The glory of God is given freely away

OK, this sermon outline is great, but listening to the audio there is a point where God is presented as the most selfish being in the universe and humility is made to sound like an exclusively creaturely virtue.

If that’s what “to His glory” means, then it is emphatically false to say that God does anything to his own glory.  In fact, theism 101 dictates that we deny that God is even capable of gaining glory.  As it is written:

God hath all life, glory, goodness, blessedness, in and of himself; and is alone in and unto himself all-sufficient, not standing in need of any creatures which he hath made, nor deriving any glory from them, but only manifesting his own glory in, by, unto, and upon them (WCF ch 2).

We “glorify God,” the same way the crowds “justified God” (Luke 7.29).  They justified God by acknowledging He was in the right, and we glorify God by acknowledging that our glory comes from Him as the origin and giver.

Are we supposed to seek our own glory?  Yes, we are to seek it as a graciously-given gift which the giving God bestows on all who trust in Him.  Jesus himself said it: “If I glorify myself, my glory is nothing. It is my Father who glorifies me” (John 8.54).  And he rebuked the Pharisees:

I do not receive glory from people.  But I know that you do not have the love of God within you.  I have come in my Father’s name, and you do not receive me. If another comes in his own name, you will receive him.  How can you believe, when you receive glory from one another and do not seek the glory that comes from the only God? (John 5.41-44)

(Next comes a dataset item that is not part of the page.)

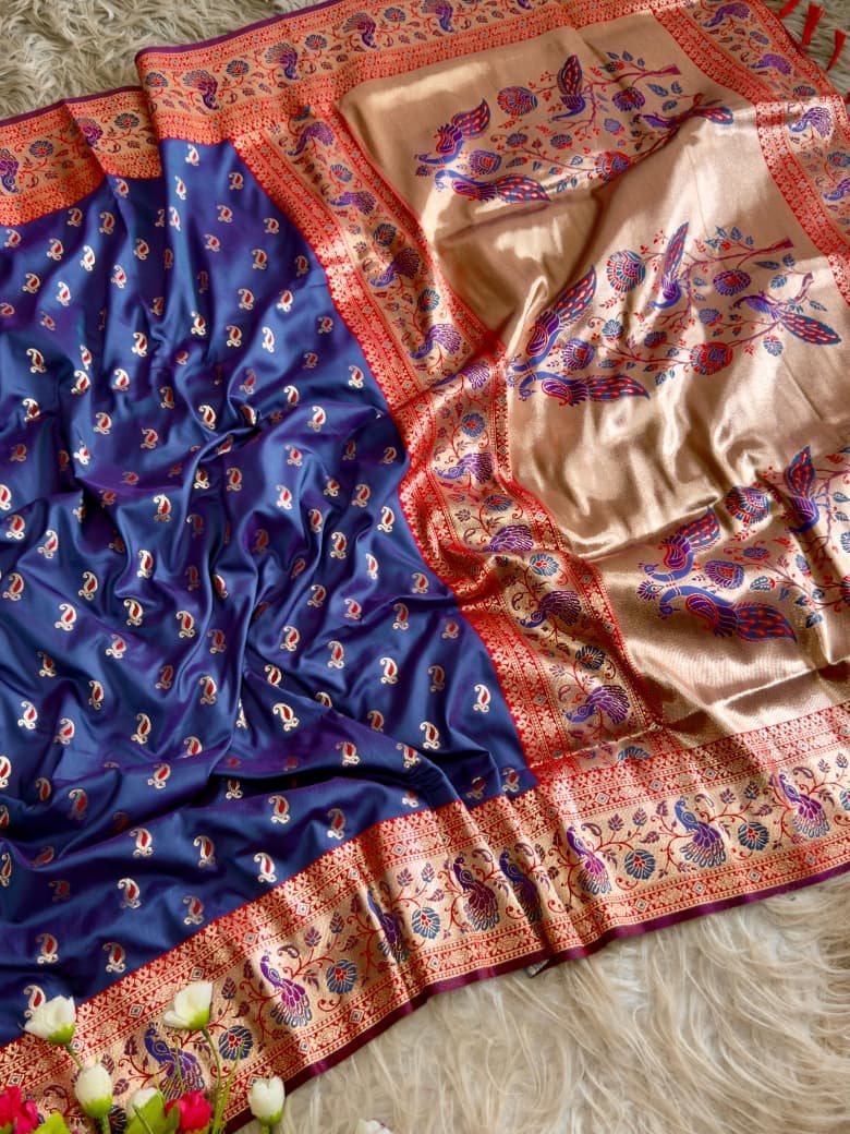 - A stunning blend of deep royal blue and soft gold, adorned with intricate paisley motifs and exquisite zari detailing.

It was Satan in the Garden who told Adam and Even that glory was a zero-sum game and that God was seeking or maintaining it at their expense.  When they believed in God the grabber of glory–the false god, I mean–they became like that idol, grasping for their own glory.

Jesus reveals true deity.  God’s character is a model for humility, not self-glory.

(Yes, God is and does represent himself as the greatest king.  But that’s the point, even important rulers can be humble in their office without denying their office.)